What are the two prerequisites of waterways to be navigable?

Answer

The two prerequisites of waterways to be navigable are-

  1. Regular flow of water
  2. Appropriate depth in which the craft can sail easily.

Question 7(b)

Give two points of difference between Inland Waterways and Oceanic Waterways.

Answer

Inland waterwaysOceanic waterways
Inland waterways include rivers, canals, backwaters and creeks which are deep enough to allow the ships and boats to navigate safely.Oceanic waterways include transport along the coast line.
Domestic trade takes place through inland waterways.Coastal and foreign trade usually takes place through oceanic waterways.

Question 7(c)

(i) Give two points of difference between a Port and a Harbour.

(ii) On which river and between which two places does the National Waterway No.2 lie?

Answer

(i) Two points of difference between a port and a harbour are-

PortHarbour
Ports are man-made commercial places built along the coastline.Harbours are natural or created places, connecting a piece of land with a large waterbody, which serves as ports.
The main purpose of ports is loading and unloading of cargo ships.Harbours are utilised mainly for providing safe parking or anchorage to ships.

(ii) National Waterway No. 2 lies on Brahmaputra river and connects the North-East region with Kolkata and Haldia ports through Bangladesh and Sunderbans waterways.

Question 7(d)

Give a geographical reason for each of the following:

(i) Nearly 70 percent of Indians do not use air transport.

(ii) A well-developed transport network is important for industrial progress.

(iii) Airways are quite useful during natural calamity.

Answer

(i) Nearly 70 percent of Indians do not use air transport because air transport is very costly as compared to roadways and railways, depends on weather conditions and it has high freight rates.

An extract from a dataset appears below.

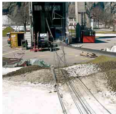
Seilzug der neuen Tragseile mit integriertem Lichtwellenleiter

In unserem Standortkanton durften wir diesen Seilzug im steilsten Gelände ausführen und damit für die Besucher auch ein wunderbares Wandergebiet von der Muttsee-Hütte mit Kistenpass nach Brigels erschliessen.

(ii) A well-developed transport network is important for industrial progress because it helps in connecting one part of the country with the other. It facilitates movement of raw material, fuel, machinery etc., to the points of production and finished goods to the points of marking and consumption. Thus, a well developed transport network is essential for industrialisation and urbanisation.

(iii) Airways are quite useful during natural calamity because it can be used to air-lift people from the affected areas and to air-drop food, medicines and other necessary things to calamity affected people.